My problem with posting to Pixelfed

I started with Mastodon as my first account in the Fediverse. After a while, I found out about Pixelfed and created my account there. I kept using it for a while and even posted from time to time. My problem with posting to Pixelfed was the lack of a scheduler. I want to post regularly, but I do not want to login every day and make a post manually. This feature was even announced but never finished. Even today, this is not implemented. There is also a GitHub issue discussing this if your interest goes deeper. In the following post by Pixelfed, you can see the announcement.

There are some post schedulers for Mastodon out there. I tried using them with Pixelfed, but nothing worked properly. I even tried the client-side automatic upload feature of Fedilab, which posted immediately instead of at the given time. This surely was a bug I could have reported or fixed myself (because Fedilab is FOSS). But I wanted to make things more automatic anyway.

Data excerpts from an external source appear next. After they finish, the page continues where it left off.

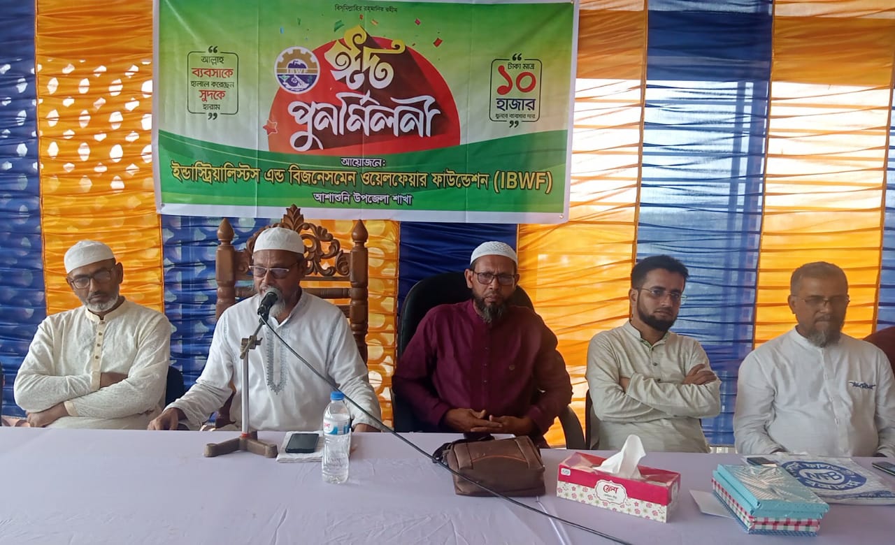 আশাশুনি(সাতক্ষীরা)সংবাদদাতা: আল্লাহ্ তায়ালা ব্যবসাকে হালাল করেছেন,সুদকে হারাম করেছেন। টাকা মাত্র ১০ হাজার খুলবে ব্যবসার দার এই শ্লোগানকে সামনে রেখে আশাশুনিতে ব্যবসায়ী সংগঠন”ইন্ডাস্ট্রিয়ালিস্টস এন্ড বিজনেসমেন ওয়েলফেয়ার ফাউন্ডেশন (IBWF)”এর আয়োজনে ঈদ পুনর্মিলনী অনুষ্ঠিত হয়েছে। শুক্রবার বেলা ১১টায় আশাশুনি উপজেলা মুক্তিযোদ্ধা কমপ্লেক্স ভবনে আশাশুনি উপজেলা শাখা এ অনুষ্ঠানের আয়োজন করে। উপজেলা সভাপতি এবিএম আলমগীর পিন্টুর সভাপতিত্বে ও সেক্রেটারী আবুল খায়ের’র সঞ্চালনায় অনুষ্ঠানে প্রধান অতিথির বক্তব্য রাখেন খুলনা জোনাল সভাপতি খান মোশারফ হোসেন। বিশেষ অতিথির বক্তব্য রাখেন সাতক্ষীরা জেলা সভাপতি মহিউদ্দিন মাহমুদ,সেক্রেটারী কামাল হোসেন,জেলা উপদেষ্টা এ্যাড.আব্দুস সোবহান মুকুল,উপজেলা উপদেষ্ঠা মাওঃ নুরুল আবছার মুরতাজা,উপজেলা পেশাজীবি সংগঠনের সভাপতি মাওঃ আতাউর রহমান,আই বি ডাব্লু এফ এর উপজেলা সহ সেক্রেটারী
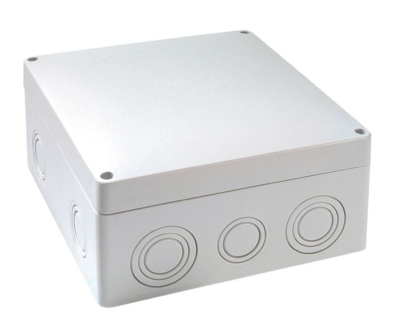 Verbindungsdose, mit Schutzart IP54/IP65, Nennquerschnitt 16qmm, Ui=690V AC, zertifiziert nach VDE (DIN EN 60670-1/-22 (VDE 0606-1/-22)), Ausschlagmembranen, M20/M25/M32/M40, (2 rückseitig, 10 seitlich), innenliegende Befestigungsstellen, für Standardinstallationen im Innenbereich, grau, ohne Klemmen Abmessungen: 180 x 180 x 91mm Beigefügtes Zubehör: 4 Anbaustutzen IP54 M40 Dichtbereich 17-30mm, 1 Verschlussstopfen M40, 1 Plombierset
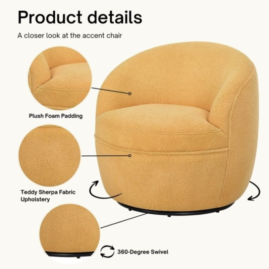 Galleria 360 Swivel Teddy Sherpa Barrel Chair, Yellow T2574P241775
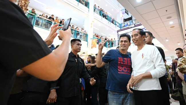 Dilansir Biro Pers, Media, dan Informasi Sekretariat Presiden, Kamis (22/2/2024), Jokowi mengenakan kaus lengan panjang berwarna putih dipadankan dengan celana panjang berwarna hitam. Kedatangan Jokowi membuat suasana mal makin ramai.
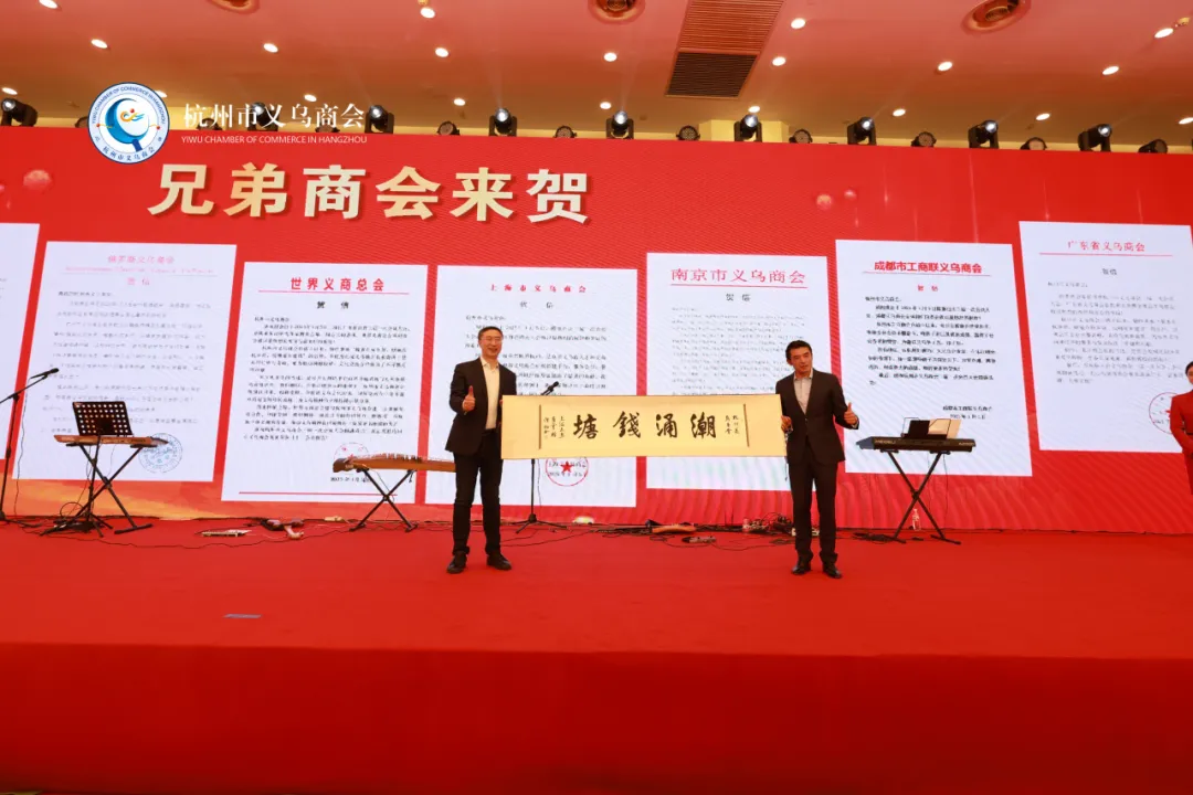 上海市义乌商会会长王旭阳与杭州市义乌商会会长朱江明交接贺礼。
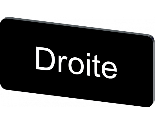Табличка предназначена для наклеивания или защелкивания на держателе. Размеры составляют 12.5 x 27 мм. Цвет таблички черный, надпись белая. Содержит маркировку 'droite'.
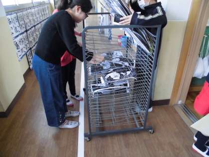 図画工作科「版から広がる世界」では,彫り上げた板にインクをつけて,和紙に刷り上げていきました。インクの量や木くずの跡などに気をつけることで,見事な作品を次々と作りあげていく子どもたち。「おぉ〜」といった歓声や「似てる〜」といった喜びの声が聞こえてきました。
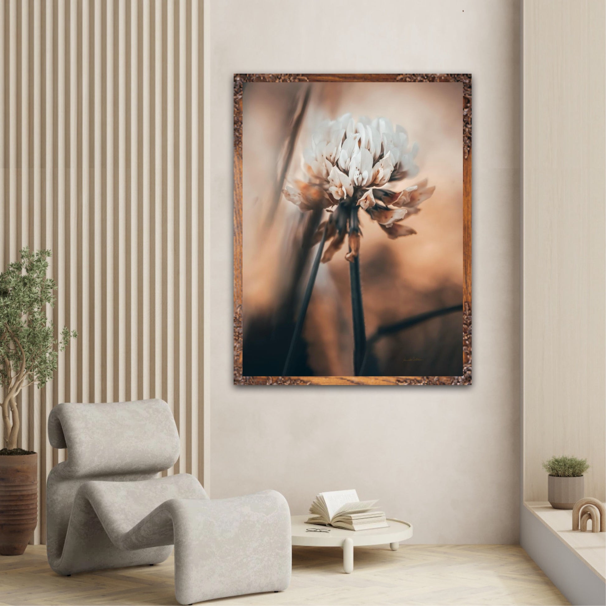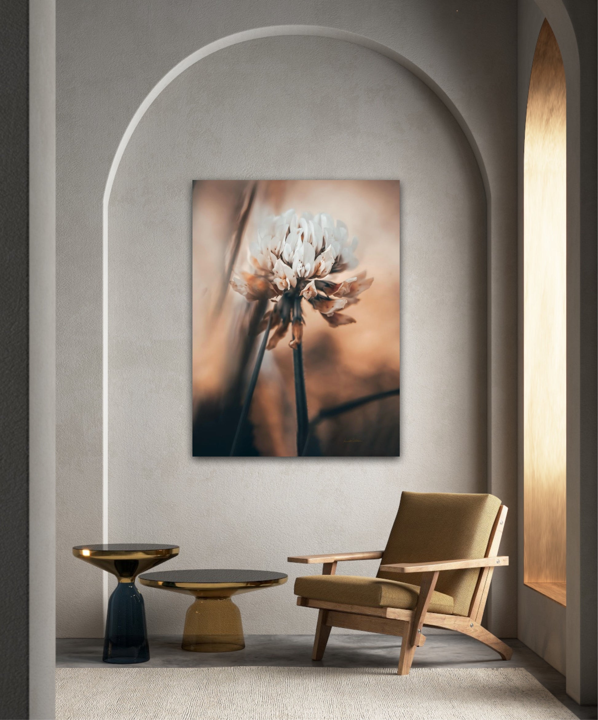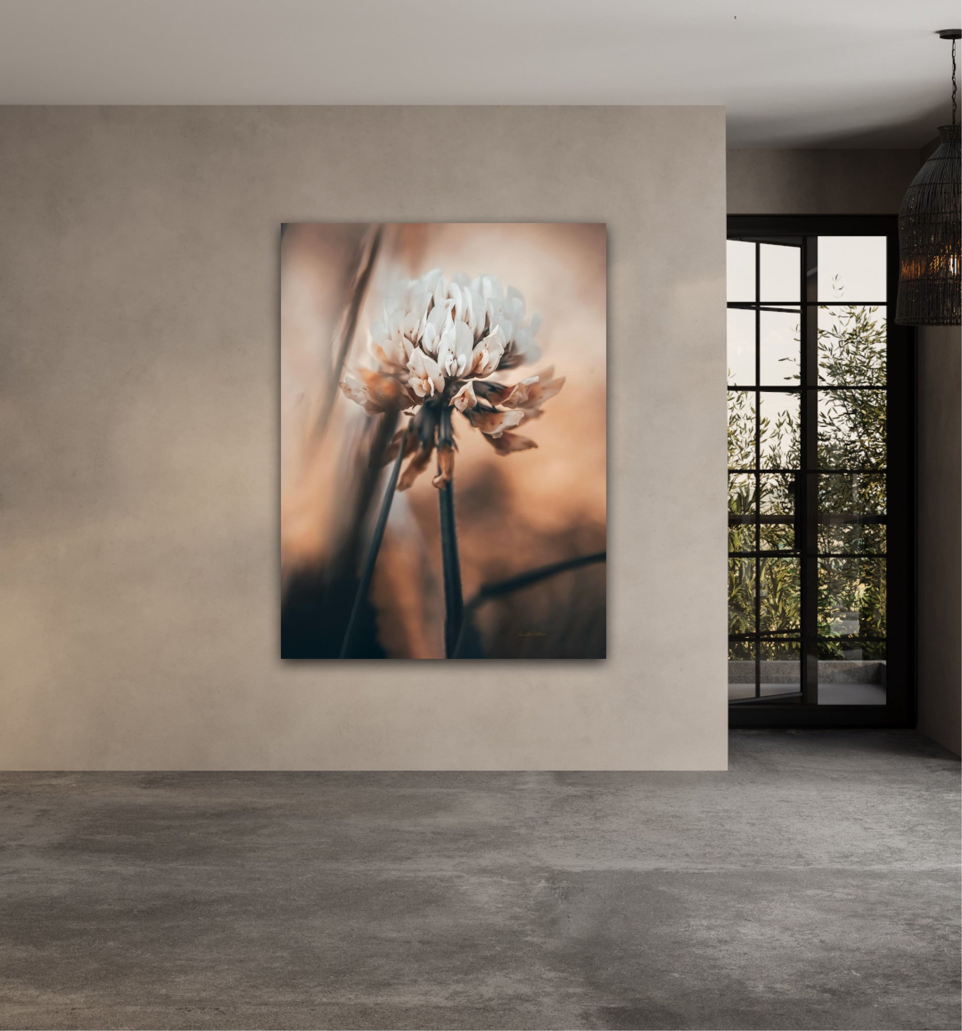 Beautiful photographic wall art of a clover flower weed in light golden tones, with beautiful details and dramatic light. This artwork will make you feel grounded and at piece.

I do not want to complain about this. It is totally fine. There are a lot of other things that need to be done in Pixelfed and the Fediverse as a whole. But for me, it meant I needed to implement something on my own.

Requirements

So to solve this, I needed something which can somehow talk with my Pixelfed server and make a post there. I also needed a way to know which posts I want to make. This information must include some metadata like the date taken and definitely an alt text and tags to display in Pixelfed. Another thing to keep in mind is that I needed something which “remembers” the state of my postings. Basically, a list in which each post gets added if it is uploaded successfully. And finally, I needed some sort of mechanism which can schedule the execution of the code.

The automation

RSS feed

So first of all, I have a photography page which has an RSS feed. I modified the feed of the page to contain an entry per image I have uploaded there. I am also using Hugo there. Therefore I wrote this little Hugo rss.xml.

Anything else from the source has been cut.